§ Data to process:
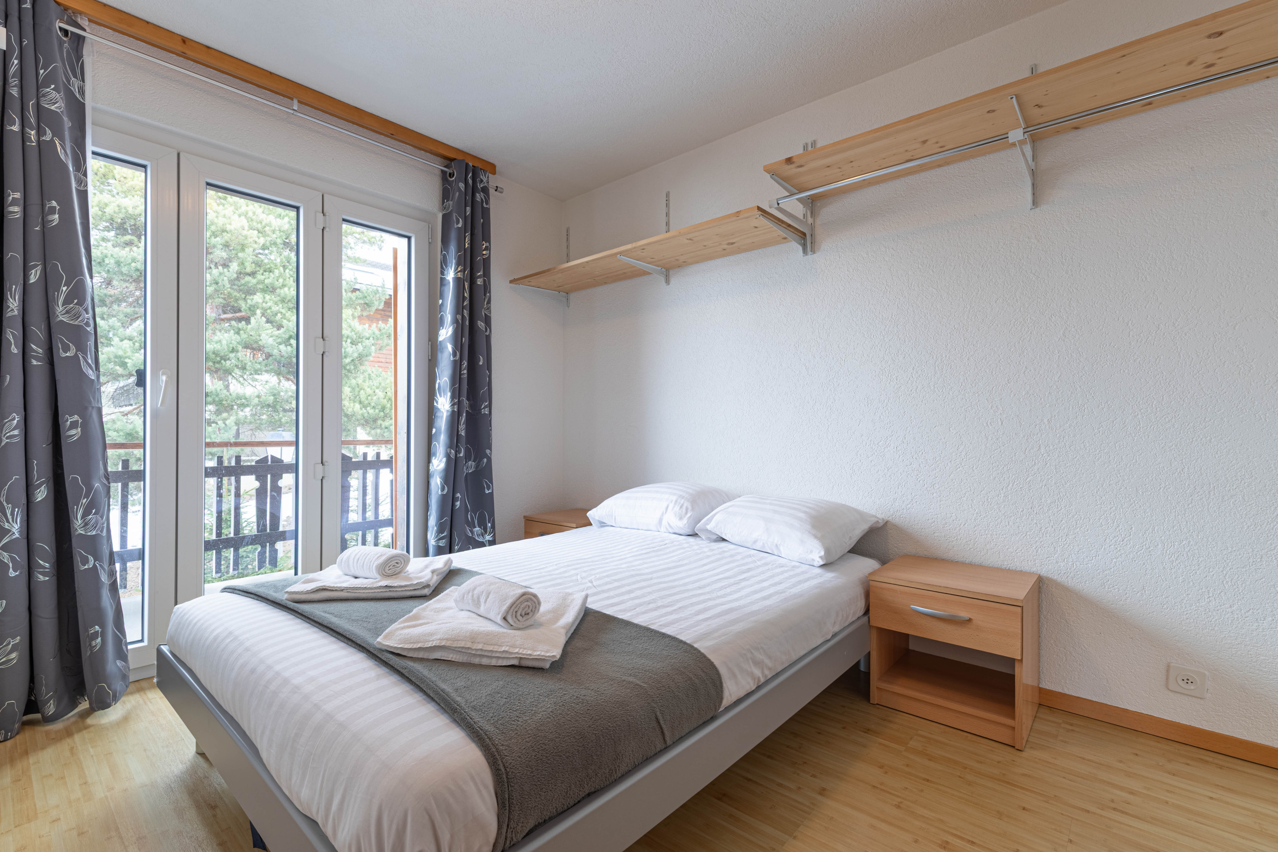 You are in the Les Mélèzes residence which enjoys a privileged location right next to the departure of the gondola, ideal for skiing holidays. And you are on the Bisse de Vex, which offers you a wonderful walk in summer. The resort center with its shops and restaurants is just 150 meters away. This residence consists of 2 buildings with several standard and comfortable apartments with lift. Access to the building is via stairs. Each apartment has a balcony or terrace offering a magnificent view of the Rhone Valley.
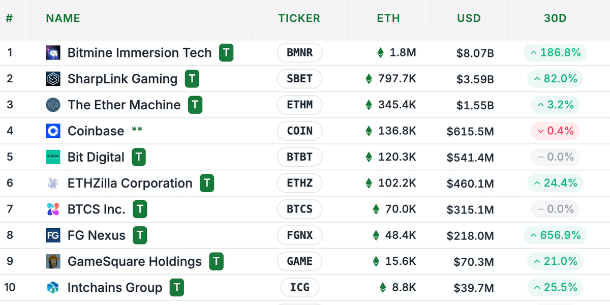 其他如ETHZilla、FG Nexus等也在逐步加码。
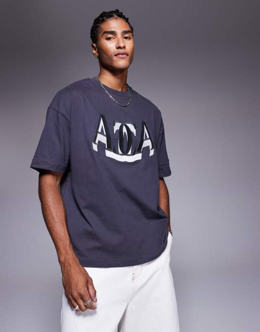 ASOS DESIGN – Mörkgrå t-shirt i oversize med collegebroderi framtill
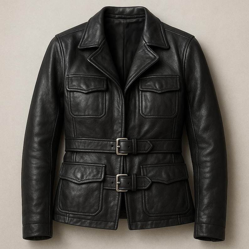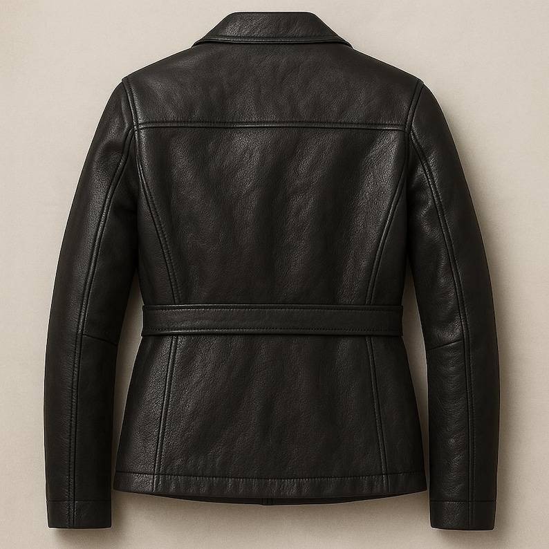 เสื้อโค้ทหนังสีดำสำหรับผู้หญิง แจ็คเก็ตหนังแท้คลาสสิก ทรงเข้ารูปทันสมัย เสื้อคลุมสำหรับใส่ภายนอก ไอเดียของขวัญวันฮาโลวีน เสื้อผ้าสำหรับฤดูใบไม้ร่วงและฤดูหนาว
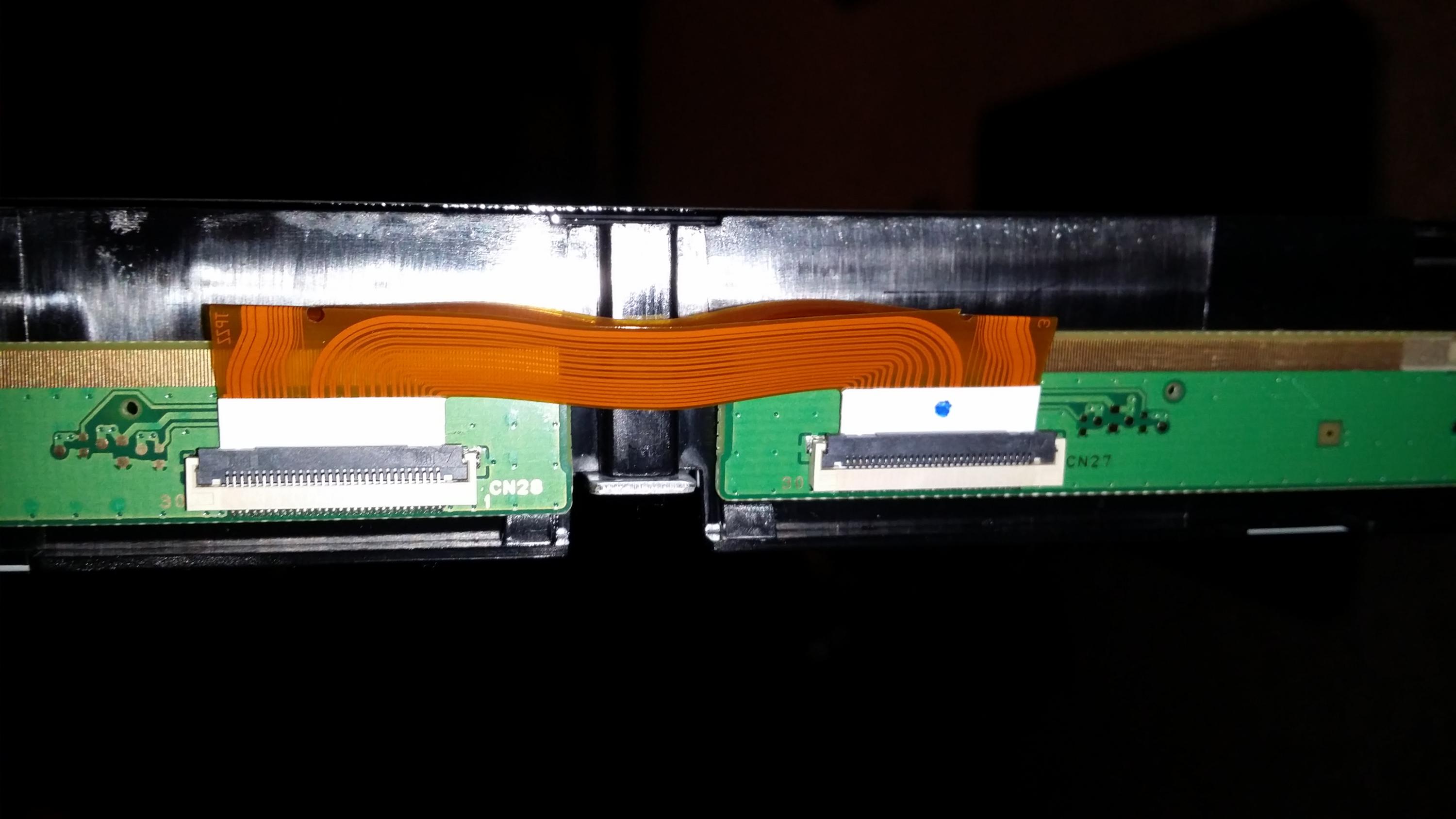 Well I removed the bezel to take pics then reconnected it and the ir / on/of, vol etc button cables with only the left 'LCD driver'? cable unconnected, the right side connected. I fired it up and played a youtube vieo through chromecast dongle from a tablet-this is what displayed- the flickering lines were mainly on in upper middle and strongr on the left side. The full color flash graphis would come every 15 -20 seconds and last about 2 seconds. You're saying thees a problem with the t-con even though the reading checked out? I may have touched or messed something up when I changed the transistors- I did 3 boards- I know it looks like the mad hacker did it if you saw the pics after I did them- it was like trying to split an atom. Anyway, So I should take pics from where the film-like cables connect to the panel?
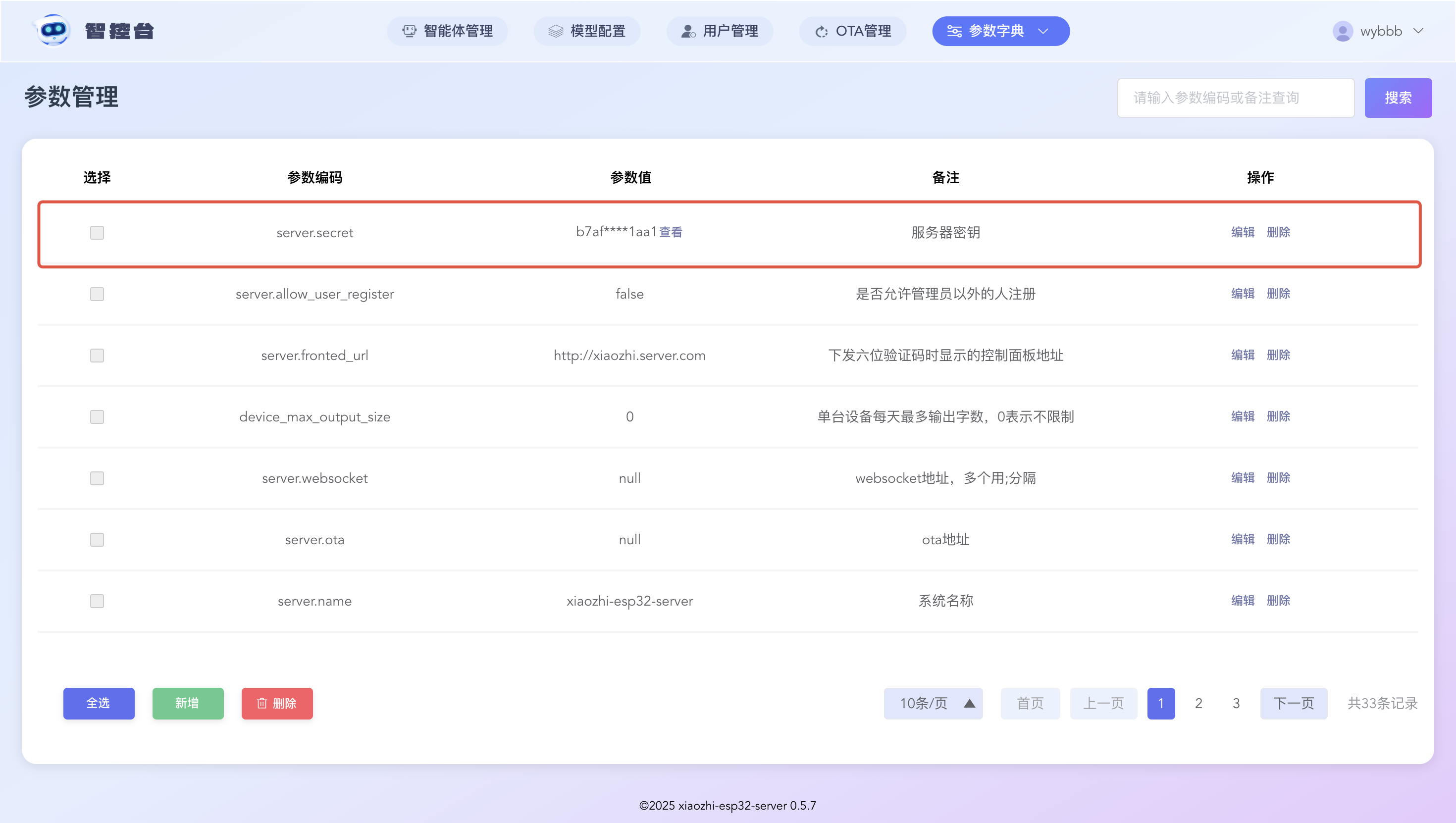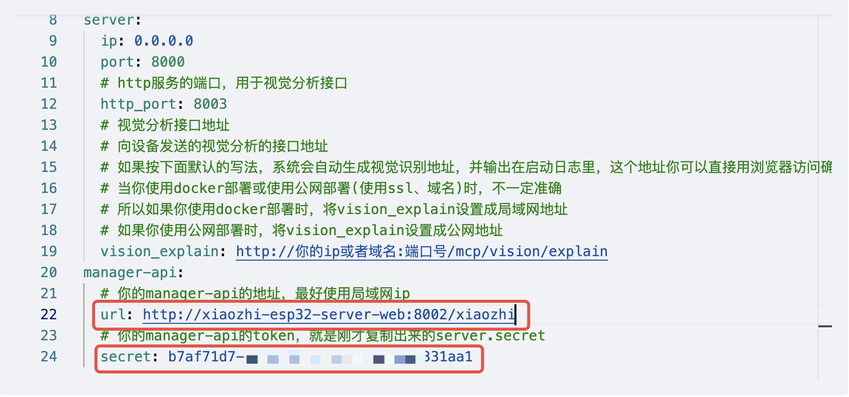 server.secret是每次从零部署管理模块时,自动随机生成的密钥,作用是让您可以通过可视化界面管理小智AI,便于我们配置应用。

§ Instructions to follow: Set down every record once more, word for word, without pictures.

§ Task result:
 You are in the Les Mélèzes residence which enjoys a privileged location right next to the departure of the gondola, ideal for skiing holidays. And you are on the Bisse de Vex, which offers you a wonderful walk in summer. The resort center with its shops and restaurants is just 150 meters away. This residence consists of 2 buildings with several standard and comfortable apartments with lift. Access to the building is via stairs. Each apartment has a balcony or terrace offering a magnificent view of the Rhone Valley.
 其他如ETHZilla、FG Nexus等也在逐步加码。
 ASOS DESIGN – Mörkgrå t-shirt i oversize med collegebroderi framtill
 เสื้อโค้ทหนังสีดำสำหรับผู้หญิง แจ็คเก็ตหนังแท้คลาสสิก ทรงเข้ารูปทันสมัย เสื้อคลุมสำหรับใส่ภายนอก ไอเดียของขวัญวันฮาโลวีน เสื้อผ้าสำหรับฤดูใบไม้ร่วงและฤดูหนาว
 Well I removed the bezel to take pics then reconnected it and the ir / on/of, vol etc button cables with only the left 'LCD driver'? cable unconnected, the right side connected. I fired it up and played a youtube vieo through chromecast dongle from a tablet-this is what displayed- the flickering lines were mainly on in upper middle and strongr on the left side. The full color flash graphis would come every 15 -20 seconds and last about 2 seconds. You're saying thees a problem with the t-con even though the reading checked out? I may have touched or messed something up when I changed the transistors- I did 3 boards- I know it looks like the mad hacker did it if you saw the pics after I did them- it was like trying to split an atom. Anyway, So I should take pics from where the film-like cables connect to the panel?
 server.secret是每次从零部署管理模块时,自动随机生成的密钥,作用是让您可以通过可视化界面管理小智AI,便于我们配置应用。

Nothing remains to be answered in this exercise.